Il semble pour beaucoup qu’il était normal et justifié d'invoquer le principe de précaution dans les heures suivant l’éruption volcanique mais qu’à présent, l’interruption des vols doit être réévaluée. Il serait même nécessaire pour certains pilotes d’effectuer des recherches plus approfondies.

Les réactions suscitées par cette interruption du trafic rappellent celles ayant suivi la gestion de la Grippe A par l’Etat français. Le principe de précaution avait également été mis en avant afin de justifier l’achat massif de vaccins et les mesures sanitaires prises en conséquence.

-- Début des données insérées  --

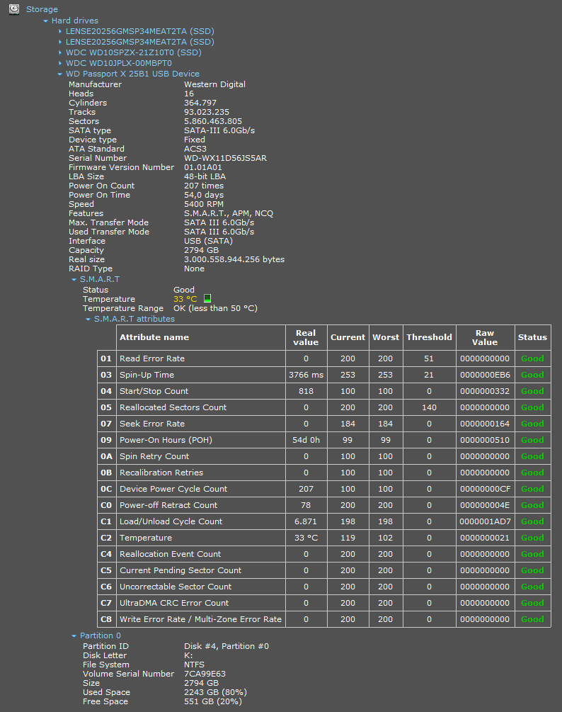 Also nachdem ich vor ein paar Tagen eine Synchronisation zur Festplatte laufen ließ, klickte die Festplatte während des Schreibens und war dann jeweils kurz nicht mehr verfügbar, sodass ich mehrere Anläufe brauchte. Als ich dann gesehen habe, dass sich die Suchfehlerrate mehr als verdoppelt hat, habe ich den Händler kontaktiert, der mir dann zunächst SeaTools empfahl, um die Platte zu checken - jedoch erkannte das Tool die Platte nicht. Ich habe dann eine Rückgabe und Kaufpreiserstattung vereinbart. Sicherung lief soweit noch ganz gut, beim Lesen gab es erstmal keine Probleme. Aber beim Datenschreddern wurds schon heftig - als ich die Festplatte mit Nullen beschrieben habe, gab es alle paar Minuten I/O Fehler und Geklicke. Mittlerweile können nicht mal mehr die Smartwerte abgerufen werden. Also von diesen portablen Festplatten nehm ich erstmal Abstand.

Tout repose sur la juste appréciation, le calcul à effectuer entre d’un côté, privilégier la santé et la sécurité des citoyens, et de l’autre, maintenir les habitudes et limiter les pertes économiques… Même si les retards et les annulations de vols sont lourdes de conséquences, les personnes concernées, au regard des risques pour leur santé et leur sécurité, préfèreraient sans doute rester bloquées à l’aéroport, plutôt que de prendre un vol dans de telles conditions.

 

Le nuage volcanique et les risques pour la santé

Le nuage volcanique serait plus dangereux pour l’aviation que pour l’être humain. Pour le vulcanologue Jean-Marie Bardintzeff, « ces particules fines contenues dans le nuage de cendres ressemblent en quelque sorte à du verre pilé, c'est très coupant. Mais les cendres sont tellement diluées qu'il n'y a pour l'instant aucun danger pour l'homme. En revanche c'est ennuyeux pour les avions parce que leurs réacteurs sont sensibles et lorsque ces particules sont en altitude  elles peuvent endommager les appareils et agresser les cockpits et les hublots des avions. L'aviation est donc plus vulnérable que l'homme. »

 

Quelles conséquences pour les salariés bloqués ?

De nombreux salariés sont absents aujourd’hui de leur entreprise, coincés à l'étranger en raison des annulations de vols. Peuvent-ils prétendre à un maintien de leur rémunération ou ces journées de travail sont-elles perdues ?

Il faut distinguer plusieurs situations, notamment celle des salariés qui se trouvaient en congés payés et qui reprendront le travail avec quelques jours de retard et celle des salariés en déplacement professionnel.

La plupart des salariés absents sont, en effet, des salariés qui se trouvaient en période de congés. Ce sont donc des touristes et non des salariés en déplacement professionnel. Au niveau de la rémunération, ils ne peuvent à ce titre prétendre à un maintien de salaire. Le ou les jours perdus pourront en revanche être décomptés des congés annuels afin d’éviter une perte de revenus.

Concernant les absences justifiées par le blocage du trafic aérien, l’employeur ne peut sur ce fondement motiver une quelconque sanction ou rupture du contrat de travail.

 

Le problème de l’hébergement

Des cellules d'accueil et d'informations « ont été montées pour se mobiliser au maximum pour faciliter la solution » des problèmes qui se posent pour les personnes bloquées à l’étranger.

De même, concernant les étrangers qui cherchent à quitter la France, Dominique Bussereau a annoncé des hébergements gratuits en France. Le gouvernement doit les instaurer prioritairement « pour des gens qui n'ont plus d'argent pour aller à l'hôtel ».

Il semble également que les consulats, ambassades et autres services tentent de prendre des mesures provisoires alors que la solidarité sur place se met parfois en œuvre, comme c’est le cas en Martinique où des locaux acceptent d’héberger des personnes en difficultés suite à l’annulation de leur vol.

Des aéroports militaires pourraient être utilisés pour rapatrier des voyageurs victimes des perturbations du trafic aérien, de même que des cars, des bus ou autres moyens de transports disponibles pourraient servir de solution de remplacement. Un recensement des Français bloqués à l'étranger a commencé afin de permettre un rapatriement dans les plus brefs délais.